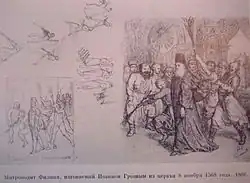 Das Thema seiner letzten Augenblicke wurde verschiedentlich künstlerisch aufgegriffen, so von den Malern Alexander Nikanorowitsch Nowoskolzew[1] (1853–1919) und Nikolai Wassiljewitsch Newrew[2] (1830–1904). Eine auf das Jahr 1866 datierte Zeichnung von Ilja Repin zeigt den Metropoliten Philipp, „der am 8. November 1568 von Iwan dem Schrecklichen aus der Kirche vertrieben wurde“.
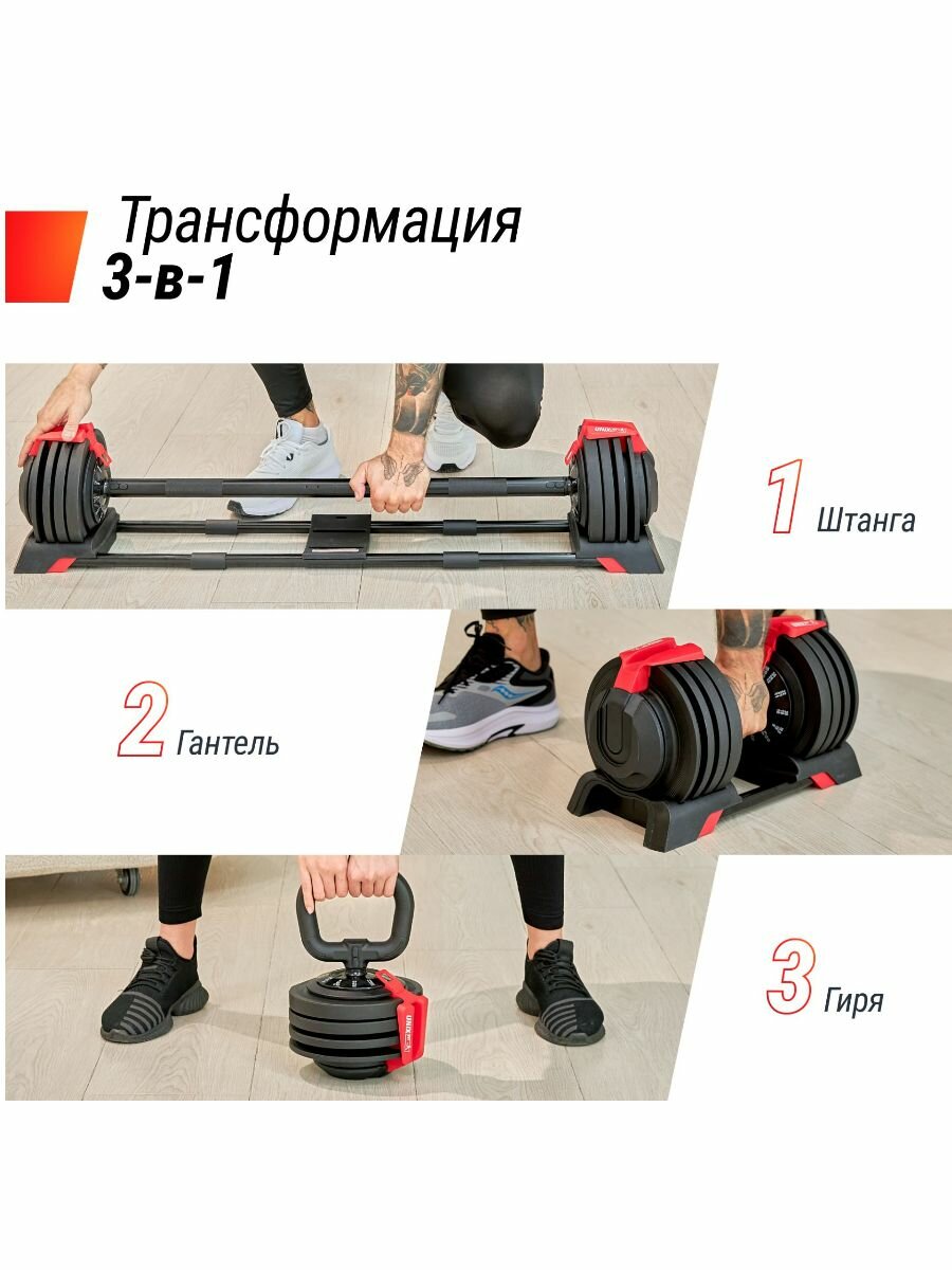 Штанга UNIX Fit "3 в 1", многофункциональная, регулируемая, разборная, 24кг, чёрная/красная интересное:
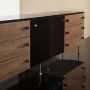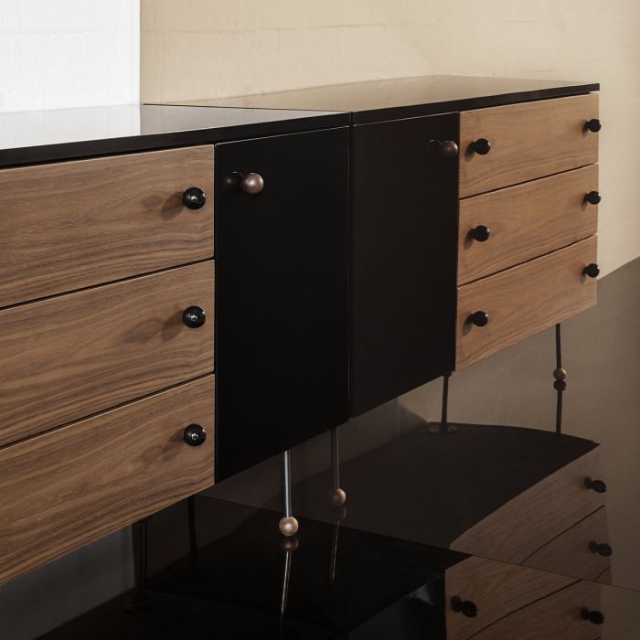 Conçu en 1952 par Greta M. Grossman, mais nommé le 62 Dresser car il était réputé avoir dix ans d'avance sur son temps. Le tiroir illustre le penchant du créateur pour les formes exceptionnelles et les associations de matières inhabituelles. Les pieds en métal élancés aux pieds en forme de boule, un trait caractéristique de Grossman, contrastent avec la forme rectangulaire tranchante du luxueux noyer américain, donnant au meuble une apparence caractéristique de légèreté et semblant presque défier la gravité. Ajoutant à son élégance, le tiroir est pourvu d'une finition noire profonde et brillante sur le dessus de la table et de petites sphères en bois massif.
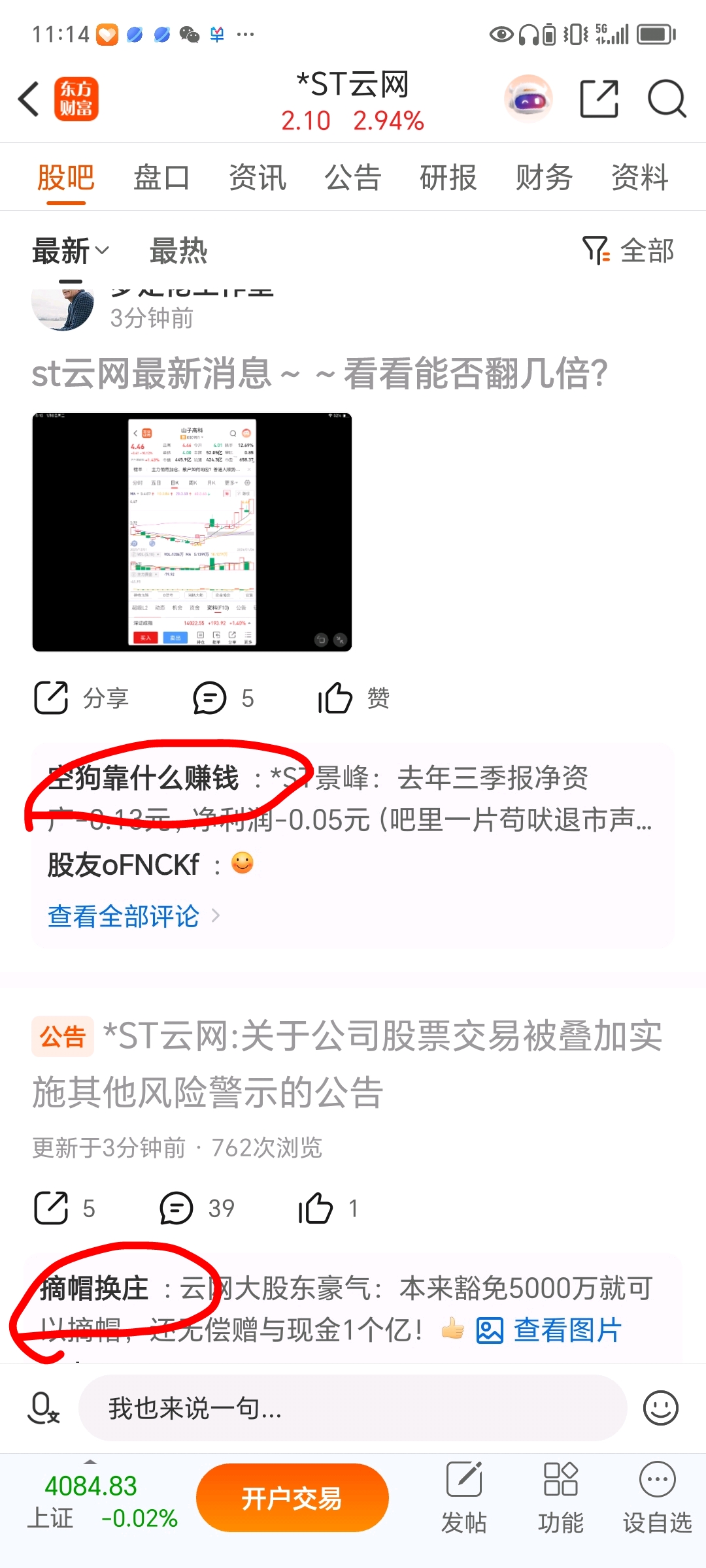 $*ST云网(SZ002306)$

__Task brief__: Pictures excluded, quote all the data above exactly.

__Response area__:
 Das Thema seiner letzten Augenblicke wurde verschiedentlich künstlerisch aufgegriffen, so von den Malern Alexander Nikanorowitsch Nowoskolzew[1] (1853–1919) und Nikolai Wassiljewitsch Newrew[2] (1830–1904). Eine auf das Jahr 1866 datierte Zeichnung von Ilja Repin zeigt den Metropoliten Philipp, „der am 8. November 1568 von Iwan dem Schrecklichen aus der Kirche vertrieben wurde“.
 Штанга UNIX Fit "3 в 1", многофункциональная, регулируемая, разборная, 24кг, чёрная/красная интересное:
 Conçu en 1952 par Greta M. Grossman, mais nommé le 62 Dresser car il était réputé avoir dix ans d'avance sur son temps. Le tiroir illustre le penchant du créateur pour les formes exceptionnelles et les associations de matières inhabituelles. Les pieds en métal élancés aux pieds en forme de boule, un trait caractéristique de Grossman, contrastent avec la forme rectangulaire tranchante du luxueux noyer américain, donnant au meuble une apparence caractéristique de légèreté et semblant presque défier la gravité. Ajoutant à son élégance, le tiroir est pourvu d'une finition noire profonde et brillante sur le dessus de la table et de petites sphères en bois massif.
 $*ST云网(SZ002306)$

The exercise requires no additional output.